Destocking clean tankers flooding market, depress Q3 freight: Scorpio

Highlights

Floating storage ships re-enter market, depressing weak summer rates

Time charter, storage inquiries expected amid growing stocks, contango

USGC ULSD stocks reach record high amid increase in refinery runs

Houston — An unraveling of floating storage contracts set up in the second quarter of 2020 has exacerbated typically weak third quarter clean tanker spot rates, Robert Bugbee, CEO of Scorpio Tankers, said during the company's Q2 earnings call Aug. 6.

Executives on the call said, however, that increasing refinery utilization and improving demand globally indicated a positive outlook for what is typically a stronger winter season.

Scorpio Tankers announced stronger-than-expected time charter equivalent earnings for clean tankers in Q2, with Medium Range tankers earning an average daily revenue of $21,808. Comparatively, TCEs for MRs in Q3 as of Aug. 6 earned an average of $15,300/day. TCEs for Q3 through Aug. 6 have been higher than average Q3 2019 TCEs across all segments, however, with MRs outperforming the year-ago average of $14,300/day in the second quarter. The larger Long Range 1 tankers have averaged $22,000/day in Q3, compared with $15,000/day in the year-ago period.

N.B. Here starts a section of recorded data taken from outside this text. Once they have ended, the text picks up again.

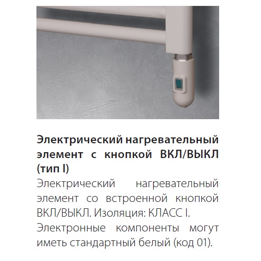 (тип I) Электрический нагревательный элемент со встроенной кнопкой ВКЛ/ВЫКЛ.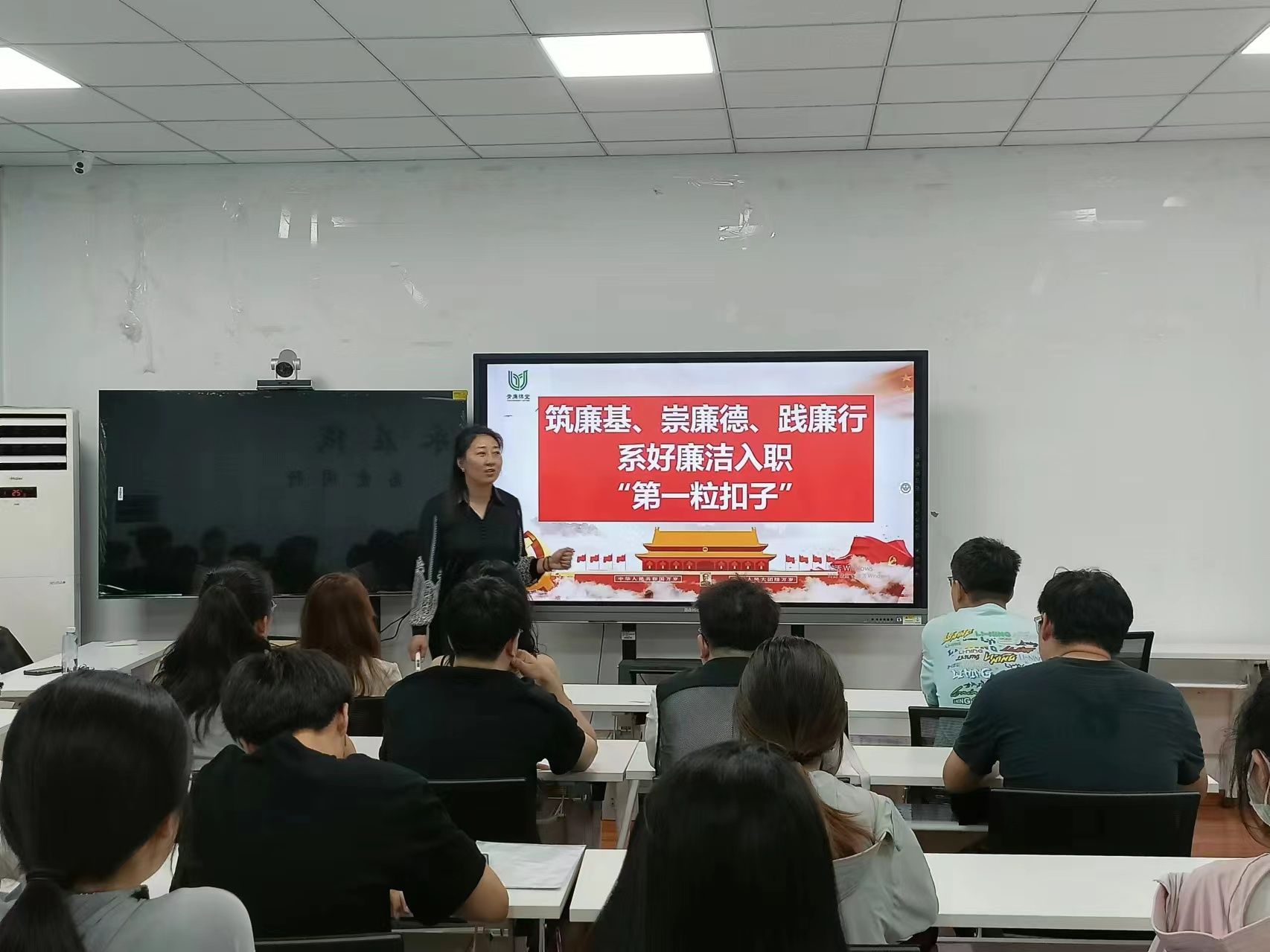 张良红老师深入剖析干部违纪违法典型案例,教育引导毕业生要始终时刻牢记习近平总书记殷切嘱托,深刻认识违纪违法的危害,提前筑牢拒腐防变防线,倡议全体毕业生扣好廉洁从业“第一粒扣子”,始终坚定信念、不忘初心,严守纪律规矩,守好底线,做到自重、自省、自警、自励。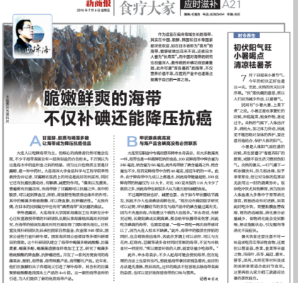 7月6日,《新商报》A21版在《脆嫩鲜爽的海带 不仅补碘还能降压抗癌》文章中,报道了我校国家海藻加工技术研发分中心汪秋宽教授科研团队近年来的科研工作以及所取得的成果。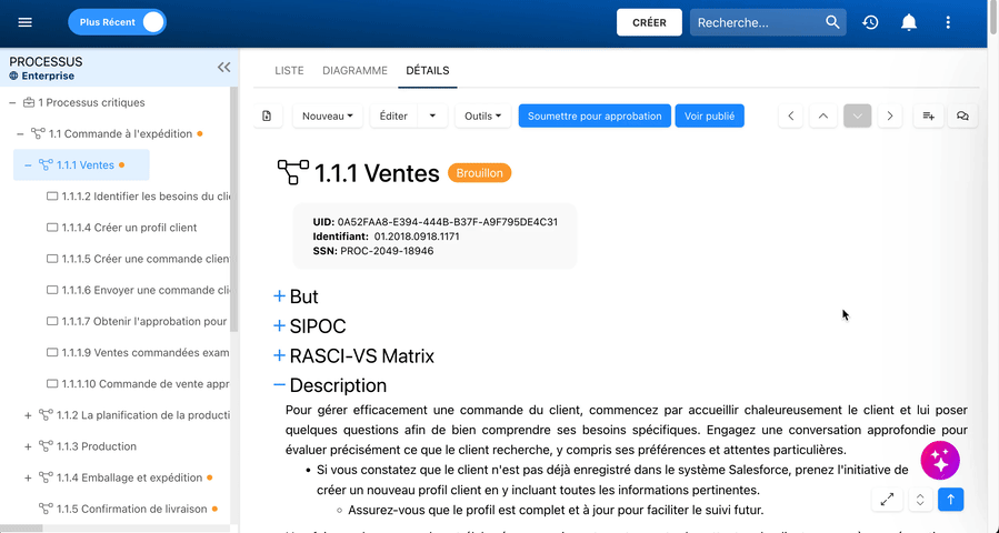- Matrice RASCI-VS : Maintenant affichée de manière proéminente, montrant les responsabilités attribuées aux objets de flux ou sous-processus du processus. Cet accordéon était auparavant imbriqué dans l’accordéon ‘Résumé’. Les objets de flux présents dans la matrice sont cliquables, permettant aux utilisateurs de naviguer automatiquement vers l’objet de flux au sein de la même page de détails.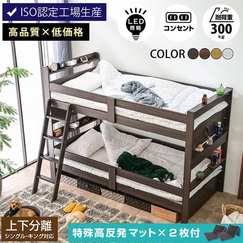 ・リアルで繊細な木目が美しいメラミン強化シートで傷がつきにくい ・シングルやキングになる長く使える分離型ベッド ・金属製の連結金具で安定感抜群&安心 ・連結ダブルロックでしっかり支える ・上段中央に補強板を追加して強度をアップ ・補強板と開き止めで支える、丈夫なつくり ・上下段LED照明・コンセント、宮棚付き ・小物が置けるスペース ・上りやすい斜めハシゴタイプ ・ハシゴはスペースに合わせて自由に移動 ・ベッドの脚に傷防止フェルト付き ・オールシーズン快適な通気性抜群のLVLすのこ ・丈夫で擦れにくく、撥水でお手入れが簡単 ・高さがあるからお掃除ロボットもOK! |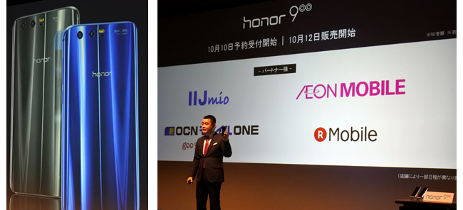 ファーウェイ・ジャパンは、ローライトに強い独自のダブルレンズカメラを搭載し、若者をターゲットにしたSIMフリースマートフォン「honor 9」を10月12日に発売する。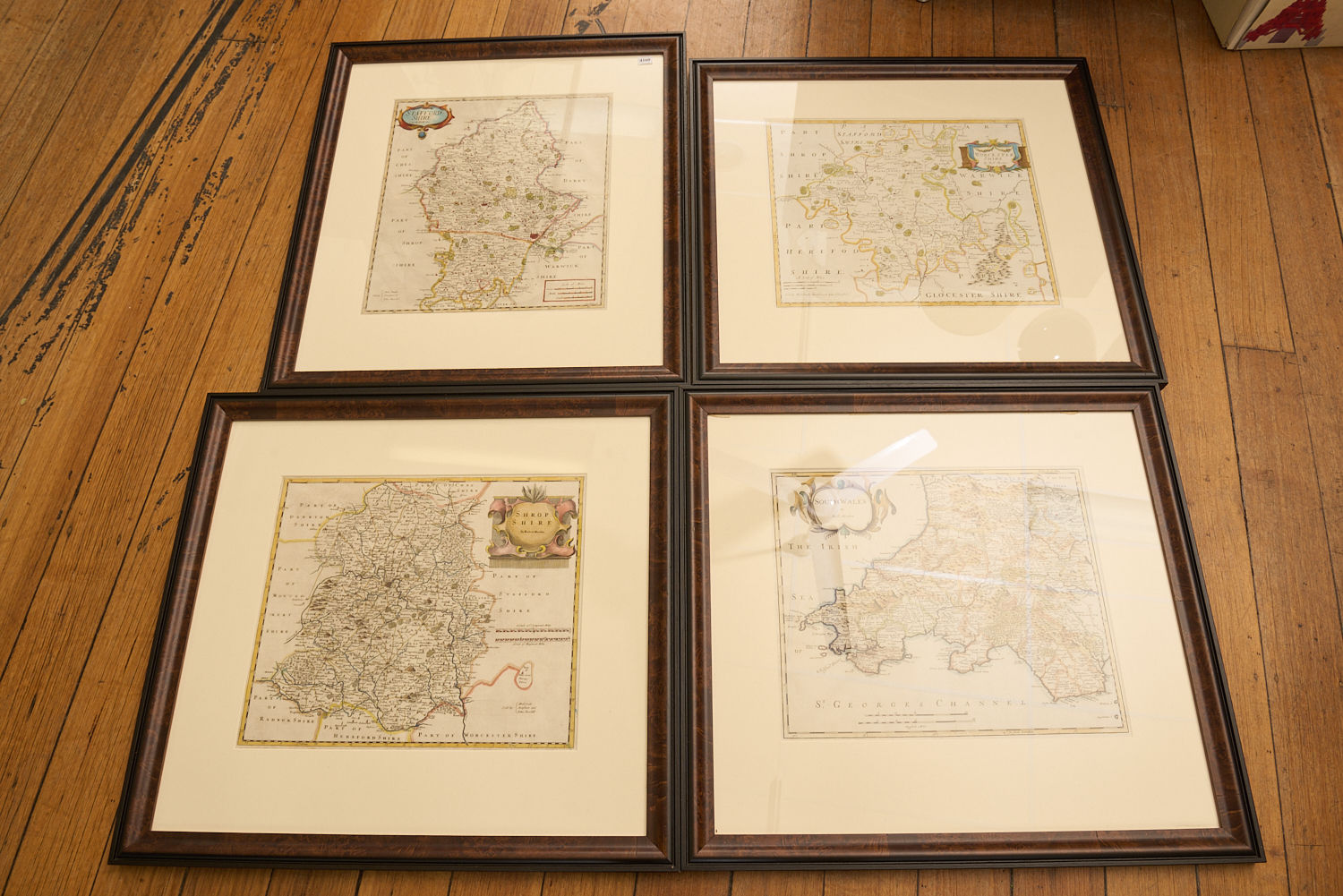 AFTER ROB MORDEN, FOUR FRAMED ENGLISH COUNTY MAPS, HAND COLOURED COPPERPLATE ENGRAVINGS H.69.5CM X W.62CM, LEONARD JOEL LOCAL DELIVERY SIZE: MEDIUM
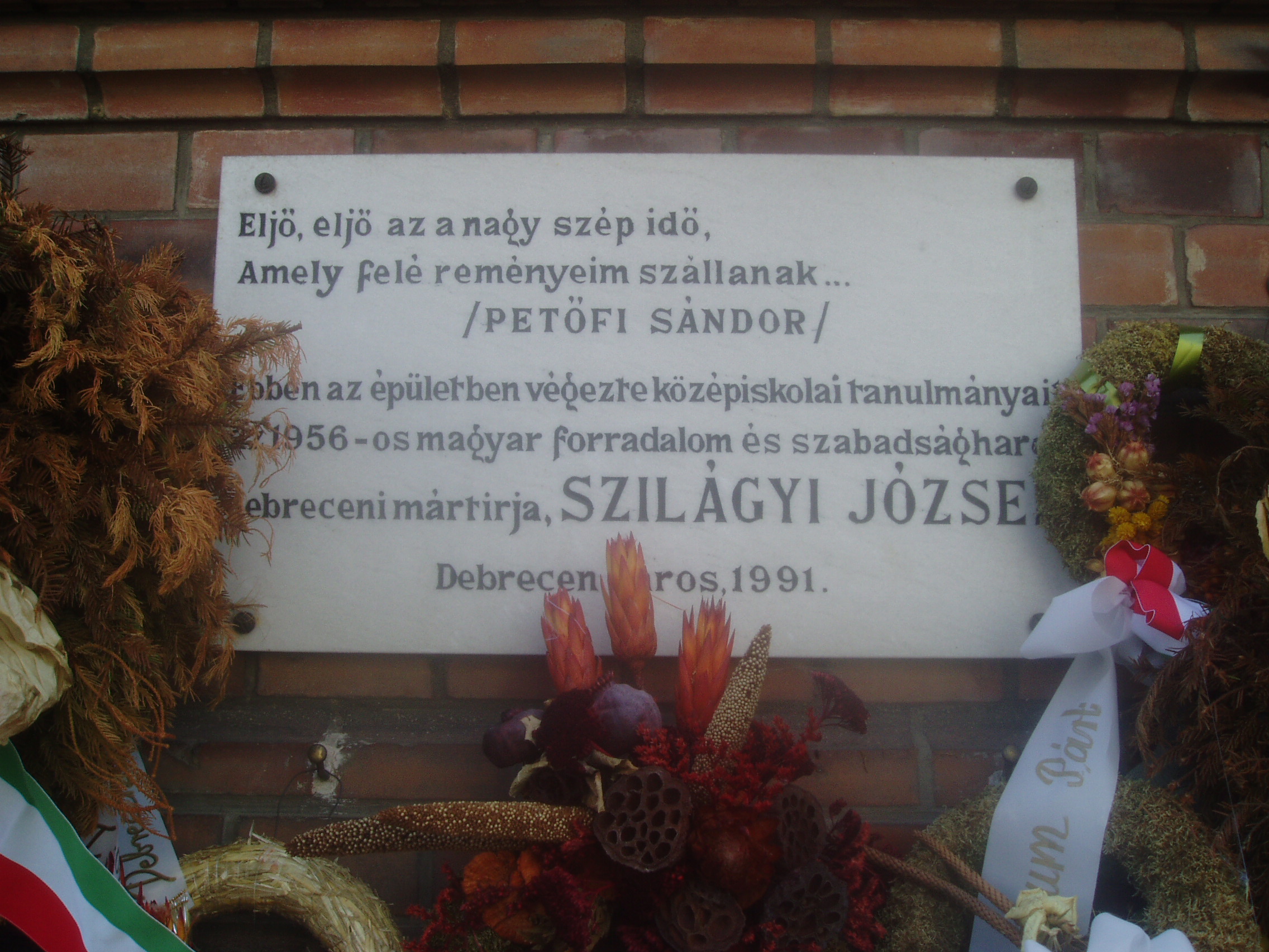 Nyilvános 851 | 1442 | Debrecen, Péterfia utca 1-7. | A Kölcsey Ferenc Református Tanítóképző Főiskola mostani otthona 1911-13 között épült Petz Samu tervei alapján. Korábban itt a főgimnázium működött. Ide járt iskolába és itt is érettségizett a debreceni születésű Szilágyi József (1917-1958) politikus, aki 1944 végén rövid ideig Debrecen rendőrkapitánya is volt. 1956-ban megszervezte és vezette Nagy Imre miniszterelnöki titkárságát. November 4-én családjával együtt a jugoszláv követségre menekült, majd őt is Romániába internálták. Snagovban tartóztatták le. A Nagy Imre per vádlottjaként 1958. április 24-én kivégezték. A fénykép 2006 júniusában készült. Felh. irod.: www.kfrtkf.hu/index3.html Magyar életrajzi lexikon |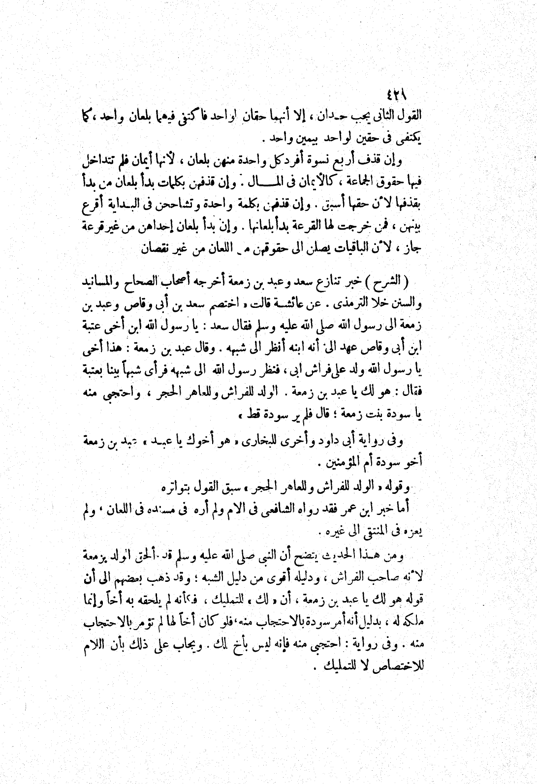 ومن هذا الحديث يتضح أَنَّ النَّبِيَّ صَلَّى اللَّهُ عَلَيْهِ وَسَلَّمَ قَدْ ألحق الولد بزمعة لانه صاحب الفراش، ودليله أقوى من دليل الشبه، وقد ذهب بعضهم إلى أن قوله هو لك يا عبد بن زمعة، أن " لك " للتمليك، فكأنه لم يلحقه به أخا وإنما ملكه له، بدليل أنه أمر سودة بالاحتجاب منه، فلو كان أخا لها لم تؤمر بالاحتجاب منه.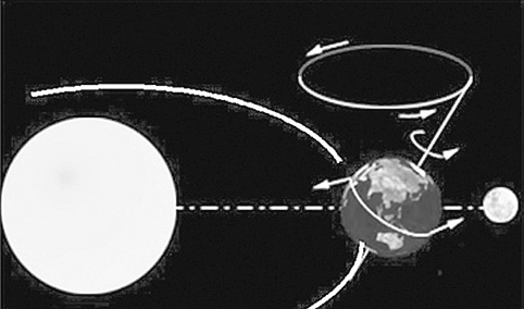 Мы говорили о том, что таз отзеркаливается на голову, и обе эти структуры участвуют в планетарном движении Земли, ведомой Солнцем и сопровождаемой Луной (рис. 1).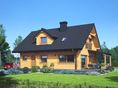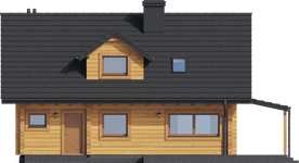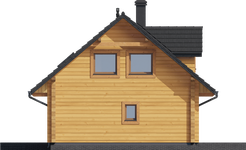 Wysokość ścianki kolankowej: 0.9 m. Strop: drewniany. Pokrycie dachu: dachówka gontopodobna Gerard Corona. Ściany zewnętrzne: płazy drewniane + wełna mineralna + deska. Ściany wewnętrzne: płazy drewniane. Typ ogrzewania: pompa ciepła. Inne: okna połaciowe Velux.
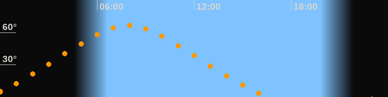 | Höchster Stand (Kulmination) | 07:54 Uhr (h = 66,6°) |

The strength in Q2 was heightened by refined product contango structures that pushed charterers to use product tankers for floating storage, tightening spot tanker availability globally and boosting freight levels to record highs. However, those floating storage contracts began to unravel at the end of Q2 and into Q3, putting pressure on rates and exacerbating the traditional weakness of the summer months.

Scorpio Tankers Commercial Director Lars Nielsen said around 105 million barrels of petroleum products were on the water in floating storage in early May. By the end of July, this had decreased to around 52 million barrels and then to around 45 million barrels as of Aug. 6. Bugbee said Scorpio saw destocking of vessels storing refined products, decreasing the number of tankers on the water from around 87 to somewhere in the low 30s at the start of August.

Nielsen said overall refined products on the water, including barrels held on floating storage contracts and those in vessels carrying cargoes for delivery, stood at around 415 million barrels, compared with an average of around 390 million barrels for the last two years. Demand for gasoline and diesel has increased, and therefore exports from the US Gulf Coast and Arab Gulf have increased, giving otherwise weakened and tonnage-saturated markets some support.

Despite the destocking of spot tankers and the unwinding of floating storage deals, Nielsen said a resurgence in inquiries about storage was seen in August, with some parties looking to extend existing storage contracts on larger clean tankers and some looking to ink new contracts. Some charterers have looked at taking ships on time charters, which would allow storage at the charterers' discretion. Nielsen said Scorpio expects storage and time charter inquiries to continue to some degree into Q3, and maintains a positive outlook for the seasonally stronger final quarter of the year.

ULSD inventory, USGC refinery utilization rises

Increasing refinery utilization and demand in Latin and South America made for a slightly stronger July for clean tankers in the Americas, with freight peaking at $36.23/mt on the 38,000 mt USGC-Brazil run July 22-23. However, increasing tonnage availability in the region and slower cargo supply depressed freight, which then fell 17% by July 31 to $29.83/mt. Freight fell further in August and was assessed at $27.70/mt Aug. 6 amid a lack of testing.

Owners are optimistic that higher refinery utilization rates could support freight for later August dates, however, with product demand in Mexico and South America increasing and diesel stocks rising on the US Gulf Coast. The US Energy Information Administration reported refinery utilization at 82.3% on the USGC in the week that ended July 31, compared with 78.3% in the week that ended June 26. Diesel stocks reached record high levels at the end of July, with the EIA reporting 54.69 million barrels of ULSD inventories on the USGC. This level marks the highest regional stock level since the EIA began recording the data in the week that ended April 9, 2004.